Mrs. Conlin said she considers herself “a professional volunteer.”
“I volunteered at my children’s schools … my church (Blessed Sacrament),” she said. “It was a labor of love for me.” Volunteering with the Guild, “I met a lot of lovely people I wouldn’t have met. … We always worked together as a team.” While the Guild was tied to the Catholic Church, members did not have to be Catholic, she said. They even had a Lutheran president.
“It was just a happy time of my life,” Mrs. Conlin said. “The hospital administrators were very cordial. They were very supportive of anything we had.”
One service the Guild provided was arranging for a photographer to take pictures of newborns, she said. Mothers bought the photos from the photographer.
For fundraising ideas, St. Vincent’s sent Guild members to trade fairs at other hospitals, she said. Fundraisers included fashion shows, bake sales and Christmas bazaars.
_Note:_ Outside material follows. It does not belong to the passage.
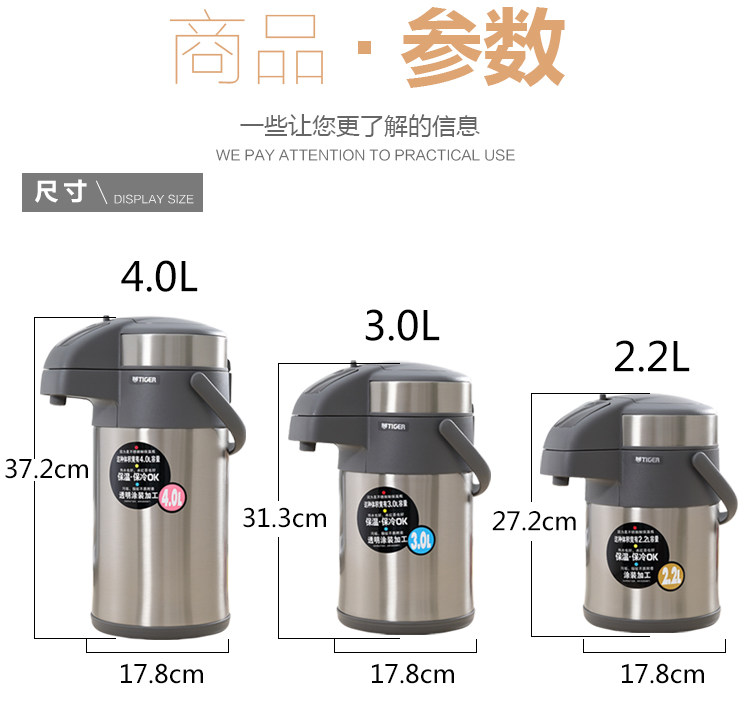 TIGER Air Pressure Thermos 4L Large Capacity 3L Vacuum Double Stainless Steel Thermos MAA
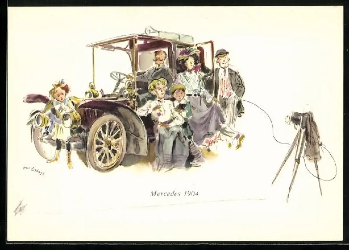 Künstler-AK Mercedes-Benz, Familienfoto mit Mercedes 1904

The biggest fundraiser was the Fall Assembly, which drew more than 2,000 people to Worcester Memorial Auditorium to see and hear popular artists, including Pearl Bailey, Arthur Fiedler and the Obernkirchen Children’s Choir from Germany, Mrs. Conlin said.
“We were big time,” she said. “The year I was president we had Yo-Yo Ma. … When I was president, we had over 600 members,” and the Guild raised $95,000 that whole year (1989-1990).
Now there are 106 members, including eight new ones and those who can’t attend gatherings anymore, Ms. Wrenn said. And they’d like more women to join them.